L’io dell’invidioso non accetta, ritenendolo ingiusto, il bene degli altri e i loro meriti, perciò li definisce negativamente come il risultato di pratiche o avvenimenti non ammissibili o scorretti. Egli vive nel costante sospetto, attribuisce disvalore al valore degli altri, trama e spera che il merito degli altri, il loro bene e i loro successi prima o poi vengano smascherati o distrutti.
L’invidia ha l’andamento di un atteggiamento ossessivo, un rodersi dentro. Avvelena ogni relazione ed inocula continuamente il dubbio sospettoso. Il termine viene dal latino in-vĭdēre, un veder-contro, un mal vedere, un guardare con occhio cattivo. L’invidia è caina.
L’invidia non va confusa con la gelosia. L’invidioso lo è per un bene che è degli altri. Il geloso lo è per un bene che è suo o lo ritiene tale. La gelosia nei testi sacri viene attribuita a Dio, perché è l’atteggiamento di chi vuole difendere un bene che gli appartiene e su cui ritiene di aver un diritto, dai tentativi di un terzo di appropriarsene. L’invidia viene invece attribuita al diavolo, il vero antagonista di Dio, il quale è invece geloso.

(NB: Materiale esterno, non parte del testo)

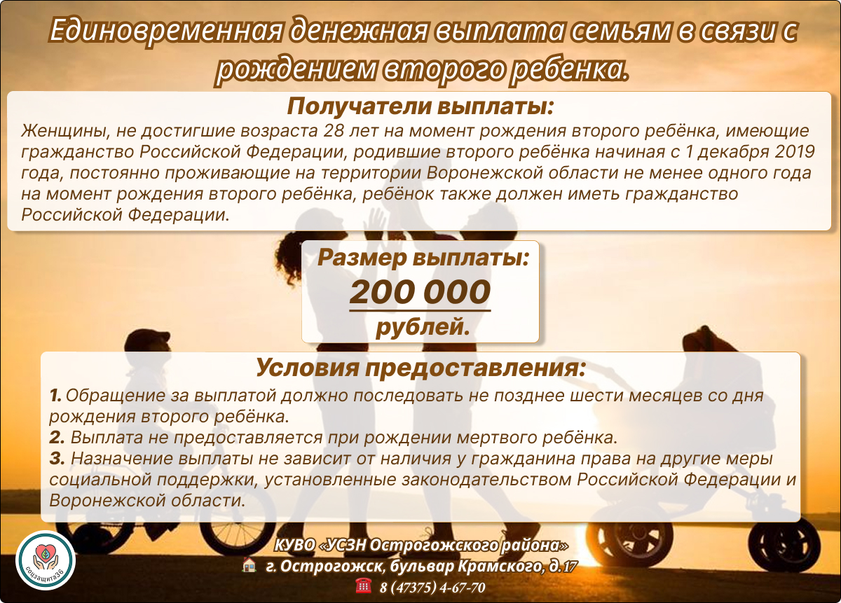 Единовременная денежная выплата семьям в связи с рождением второго ребенка.

L’invidioso non ama il prossimo perché si rattrista nel vederlo felice. Il geloso, amando qualcuno, o ritenendo di aver il diritto d’amarlo si rattrista per non averlo e teme che altri possano sottrarglielo.
L’invidia è un sentimento complesso che annida varie emozioni negative. A differenza della gelosia che accoglie anche il sentimento positivo dell’appartenenza, l’invidia include solo emozioni negative, come la paura e la rabbia per la fortuna ed il bene degli altri, sotto forma di rancore ed astio. La radice dell’invidia è l’amor proprio, l’amore egoista, l’io centrato su se stesso, un io che non tollera che gli altri riescano, che vorrebbe essere il solo a eccellere e a suscitare l’ammirazione, per cui si rode per le virtù e la riuscita degli altri.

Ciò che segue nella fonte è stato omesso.